[<prev] [next>] [<thread-prev] [thread-next>] [day] [month] [year] [list]
Message-ID: <20260107014601.dxvq6b7ljgxwg7iu@master>
Date: Wed, 7 Jan 2026 01:46:01 +0000
From: Wei Yang <richard.weiyang@...il.com>
To: Barry Song <21cnbao@...il.com>
Cc: Wei Yang <richard.weiyang@...il.com>,
Baolin Wang <baolin.wang@...ux.alibaba.com>,
akpm@...ux-foundation.org, david@...nel.org,
catalin.marinas@....com, will@...nel.org,
lorenzo.stoakes@...cle.com, ryan.roberts@....com,
Liam.Howlett@...cle.com, vbabka@...e.cz, rppt@...nel.org,
surenb@...gle.com, mhocko@...e.com, riel@...riel.com,
harry.yoo@...cle.com, jannh@...gle.com, willy@...radead.org,
dev.jain@....com, linux-mm@...ck.org,
linux-arm-kernel@...ts.infradead.org, linux-kernel@...r.kernel.org
Subject: Re: [PATCH v5 5/5] mm: rmap: support batched unmapping for file
large folios
On Wed, Jan 07, 2026 at 10:29:25AM +1300, Barry Song wrote:
>On Wed, Jan 7, 2026 at 2:22 AM Wei Yang <richard.weiyang@...il.com> wrote:
>>
>> On Fri, Dec 26, 2025 at 02:07:59PM +0800, Baolin Wang wrote:
>> >Similar to folio_referenced_one(), we can apply batched unmapping for file
>> >large folios to optimize the performance of file folios reclamation.
>> >
>> >Barry previously implemented batched unmapping for lazyfree anonymous large
>> >folios[1] and did not further optimize anonymous large folios or file-backed
>> >large folios at that stage.
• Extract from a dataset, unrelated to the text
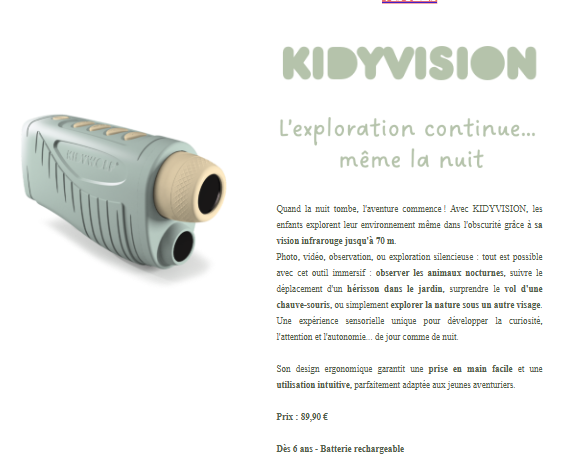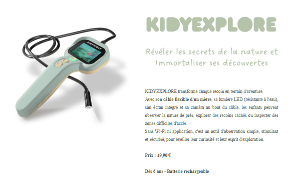 Pensés pour les jeunes explorateurs: KIDYEXPLORE, KIDYSPY, KIDYVISION et KIDYTALK offrent chacun une approche ludique et éducative de l’observation, de la nature à la technologie.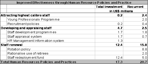 6) Table 2 provides an overview of the largest single cost category in the IPA, which is dedicated to increase effectiveness through improved human resource policies and practices. The actions are grouped into three categories: attracting the highest calibre staff, developing and appraising staff, and staff renewal. The single largest recurrent cost in these categories is the implementation of a rotation policy, which, assuming 80 rotations per year, would result in USD 8.8 million in recurrent costs per biennium.

As for file-backed large folios, the batched
>> >unmapping support is relatively straightforward, as we only need to clear
>> >the consecutive (present) PTE entries for file-backed large folios.
>> >
>> >Performance testing:
>> >Allocate 10G clean file-backed folios by mmap() in a memory cgroup, and try to
>> >reclaim 8G file-backed folios via the memory.reclaim interface. I can observe
>> >75% performance improvement on my Arm64 32-core server (and 50%+ improvement
>> >on my X86 machine) with this patch.
>> >
>> >W/o patch:
>> >real 0m1.018s
>> >user 0m0.000s
>> >sys 0m1.018s
>> >
>> >W/ patch:
>> >real 0m0.249s
>> >user 0m0.000s
>> >sys 0m0.249s
>> >
>> >[1] https://lore.kernel.org/all/20250214093015.51024-4-21cnbao@gmail.com/T/#u
>> >Reviewed-by: Ryan Roberts <ryan.roberts@....com>
>> >Acked-by: Barry Song <baohua@...nel.org>
>> >Signed-off-by: Baolin Wang <baolin.wang@...ux.alibaba.com>
>> >---
>> > mm/rmap.c | 7 ++++---
>> > 1 file changed, 4 insertions(+), 3 deletions(-)
>> >
>> >diff --git a/mm/rmap.c b/mm/rmap.c
>> >index 985ab0b085ba..e1d16003c514 100644
>> >--- a/mm/rmap.c
>> >+++ b/mm/rmap.c
>> >@@ -1863,9 +1863,10 @@ static inline unsigned int folio_unmap_pte_batch(struct folio *folio,
>> > end_addr = pmd_addr_end(addr, vma->vm_end);
>> > max_nr = (end_addr - addr) >> PAGE_SHIFT;
>> >
>> >- /* We only support lazyfree batching for now ... */
>> >- if (!folio_test_anon(folio) || folio_test_swapbacked(folio))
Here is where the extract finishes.